Another very strange thing is if I comment out the first two assignments within the kernel, d_eLabel[idx] = idx and d_sSize[idx] = 1, then the blue channel malfunctions as well. It’s like the third assignment needs the first two to be there in order to work, although all three should be completely independent of each other.
I am going to guess your device memory management is wrong, although that is just a guess because you haven’t shown the code. Having global scope global pointers like that doesn’t make much sense, and I am pretty certain that a combination of incorrect host side memory allocation code and device code scope issues and causing the problems you are seeing. All the code you have posted also lacks an error checking, which is also probably not a good idea. All of those API functions you are calling return a status which you should be checking. It is quite possible that one or more of them is failing silently, and you don’t know it.
OK, as I suspected, all of those cudaMalloc calls in alcMem() are wrong.
When you allocate device memory, the address of the allocation needs to be assigned to a host pointer. The host pointer can then be passed by value to a kernel call as an argument. Alternatively, the pointer value can be copied onto a device memory symbol (a constant memory pointer value makes much more sense in that case than a global memory pointer). If you do that, then there is no need to pass the value as a kernel argument.
There are a lot of examples of how memory management should work (and the earlier texture lookup you were trying) in the CUDA SDK. You might find it instructive to spend a bit of time reading some of that code to get an idea about how to get your own code working.
Thanks very much again avidday. I am rereading the SDK, but I would like to get the general direction that you recommend clear, I understand the following should be my new function definitions?

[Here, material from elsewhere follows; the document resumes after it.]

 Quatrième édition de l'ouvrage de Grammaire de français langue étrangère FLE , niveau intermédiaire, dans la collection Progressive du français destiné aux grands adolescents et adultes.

I remove all the device pointer declarations at global scope in the .cu file, creating them instead within main.cpp on the host
I declare device pointers d_sSize, d_sB, d_sG, d_sR on the host, pass these pointers to alcMem for device level memory allocation.
cudaMemcpy eB, eG, eR over to d_eB, d_eG, d_eR
Call doKernel to launch kernel execution, at which time the kernel is launched with the following parameters: eB, eG, eR, d_eLabel, d_sSize, d_sB, d_sG, d_sR
Actually I’ve taken enough of your time already. Please disregard previous post, I’ll go the rest of the way on my own. Thanks loads for the head start.

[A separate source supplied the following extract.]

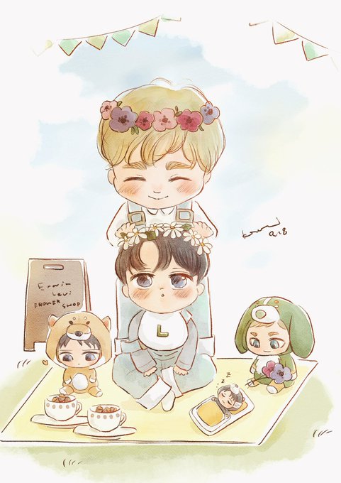 子えるりをマスキングテープにしたくて試行錯誤ちう。まだ色味とかりばいのポーズ悩んでる😂 あと子えるびんと子えるりverも描きたい。

You could also define constant pointers at global scope, do the device memory allocations with cudaMalloc() on host pointers, and then use memcpyToSymbol() to write the addresses of the memory allocations to those constant pointers. Constant memory has cache and a broadcast mechanism which makes it fast for that sort of usage, and it eliminates the need for long argument lists in you device functions (those arguments also occupy shared memory, so it frees up some shared memory in the process).
Got it working finally! Thanks for your tip about the constant ptrs. Will implement that next. I have one more quick question but I should open a new thread for that.